# Have you use "Cricut Create" for heat transfer paper?



## pelon1904 (Aug 10, 2010)

I'm new into the heat transfer business and I'm also on a budget, wanted to know if it was a good idea to use a cricut for cutting heat transfers thanks in advance.


----------



## Nick Horvath (Feb 26, 2010)

If you mean cutting heat applied vinyl, yes it will. You just need to cut the vinyl to fit your sheet size.


----------



## gmcj2011 (Jun 25, 2011)

We would also appreciate info on using the Cricut Create.... on inkjet transfer paper... We want to design our own images and cut them. We're very new to this and probably don't use the correct words...sorry... thanks!!


----------



## sandyj (Jan 18, 2011)

I'm afraid you will not be able to make your own designs with a Cricut Creat - it is designed to work only with cricut cartridges and will not work with any software. Unlike the Cricut Expression, it prints and cuts all in one operation, but it does not work all that well. If you read the cricut forums, you will see all the problems that users are having. Many of the people who have it wish they hadn't bought it at all.

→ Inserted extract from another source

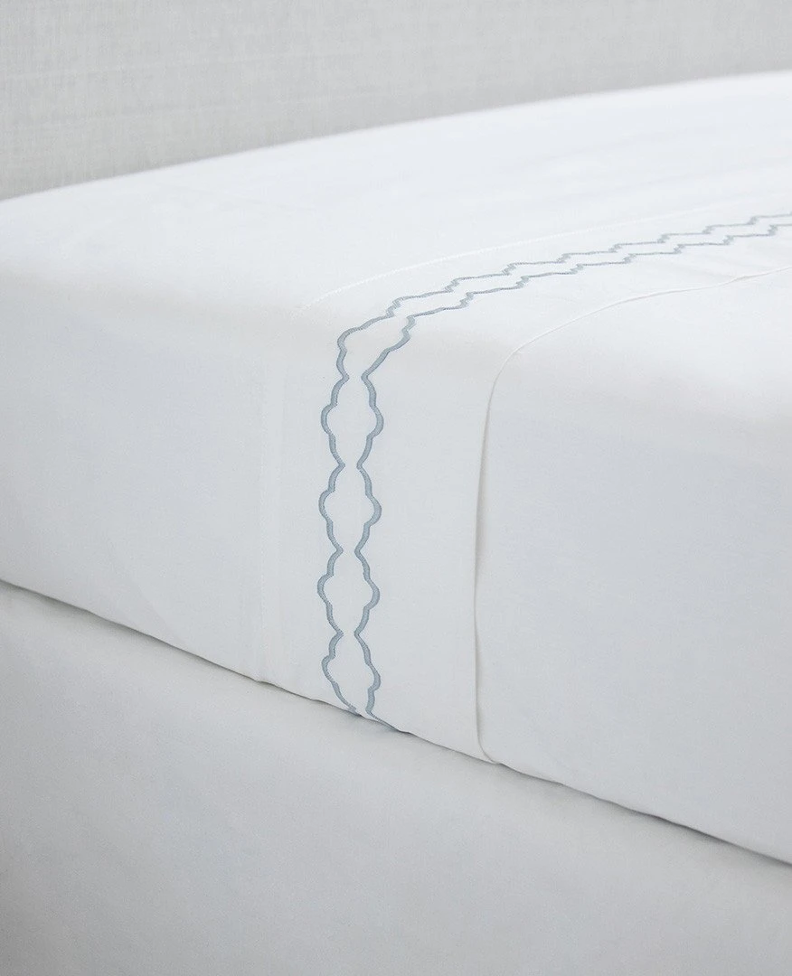 Our custom embroidered collections are proudly made-to-order at our Montreal workroom in the fabric and stitch colour of your choosing. Our Chloe collection is a fresh twist on our Scallop sheets. This feminine, more intricate design is perfect for bringing a little colour to your bed. Newly available on our top-selling 410 thread count percale! At once crisp & buttery soft, customize your 410 percale bedding with a selection of 20+ unique stitch colours in our beautiful Chloe design.

If you want to do print and cut (print the transfers then cut around the outside of the design) and don't want to spend a lot on a machine, you might look into the new zing that is due to release the end of this month. It does not print itself like the create, but does contour cut accurately and easily (or so the videos show) and at a reasonable price ($399). You can do a search on this forum or go to the forum at make-the-cut.com, as that is the software that will be shipping with it.


----------



## gmcj2011 (Jun 25, 2011)

I'm so glad we didn't buy the cricut machine we were looking at. We want to make our own designs (I know most of the ready made designs are not legal to use and we're being very careful not to do that)... and cut them... I'll investigate the site you mention. Thanks very much!


----------